Network File System (NFS) is a distributed file system protocol that allows access to files on a remote computer in a manner similar to how local file system is accessed.  With a NFS gateway for Hadoop, files can now be browsed, downloaded and written to and from HDFS as if it is local file system. These are critical enterprise requirements.

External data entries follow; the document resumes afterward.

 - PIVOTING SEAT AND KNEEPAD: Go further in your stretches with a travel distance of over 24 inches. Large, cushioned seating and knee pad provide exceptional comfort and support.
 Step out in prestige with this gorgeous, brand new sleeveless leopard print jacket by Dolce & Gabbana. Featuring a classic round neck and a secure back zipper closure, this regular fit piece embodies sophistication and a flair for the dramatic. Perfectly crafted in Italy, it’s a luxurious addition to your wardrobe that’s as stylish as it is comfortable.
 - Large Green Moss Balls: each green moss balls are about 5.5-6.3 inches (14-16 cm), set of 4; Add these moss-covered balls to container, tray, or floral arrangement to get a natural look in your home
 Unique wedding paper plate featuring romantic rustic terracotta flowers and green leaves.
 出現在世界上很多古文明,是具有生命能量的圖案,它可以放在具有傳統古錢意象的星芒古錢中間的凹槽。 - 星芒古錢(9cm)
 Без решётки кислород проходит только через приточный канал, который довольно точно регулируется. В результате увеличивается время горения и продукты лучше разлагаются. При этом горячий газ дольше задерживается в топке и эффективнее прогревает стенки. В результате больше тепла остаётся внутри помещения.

Bringing the full capability of NFS to HDFS is an important strategic initiative for us. In the first phase, we have enabled NFSv3 interface access to HDFS. This is done using NFS Gateway, a stateless daemon, that translates NFS protocol to HDFS access protocols as shown in the following diagram. Many instances of such daemon can be run to provide high throughput read/write access to HDFS from multiple clients. As a part of this work, HDFS now has a significant functionality that supports inode ID or file handles, that was done in Apache JIRA HDFS-4489.

nfs

We are excited to work with the community to enable a robust roadmap for NFS functionality, focussing on the following capabilities:

  • NFSv4 and other protocols for access to HDFS
  • Highly Available NFS Gateway
  • Secure Hadoop (Kerberos) integration

The first phase of development is complete and is undergoing rigorous testing and stabilization. This set of functionality is being run through our integrated HDP stack test suite to ensure enterprise readiness.

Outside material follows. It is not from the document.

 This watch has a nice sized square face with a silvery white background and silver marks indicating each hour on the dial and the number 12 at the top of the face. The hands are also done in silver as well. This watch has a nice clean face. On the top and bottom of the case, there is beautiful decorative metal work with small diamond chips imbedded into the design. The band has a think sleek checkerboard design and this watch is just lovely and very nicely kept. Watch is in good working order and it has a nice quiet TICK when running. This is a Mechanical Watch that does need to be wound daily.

The NFS Gateway functionality is being made available in the community and can be tracked in JIRA HDFS-4750.

Categorized by :
HDFS

Comments

|
June 25, 2014 at 7:53 am
|

I would like to integrate HDFS and NFS such that I can create analytic pipelines using use open source tools that are not Hadoop aware (they depend on the NFS system) and then do the translation into HDFS. Does the NFS Gateway access to HDFS provide this ability? Are there drivers, modules available? Thanks!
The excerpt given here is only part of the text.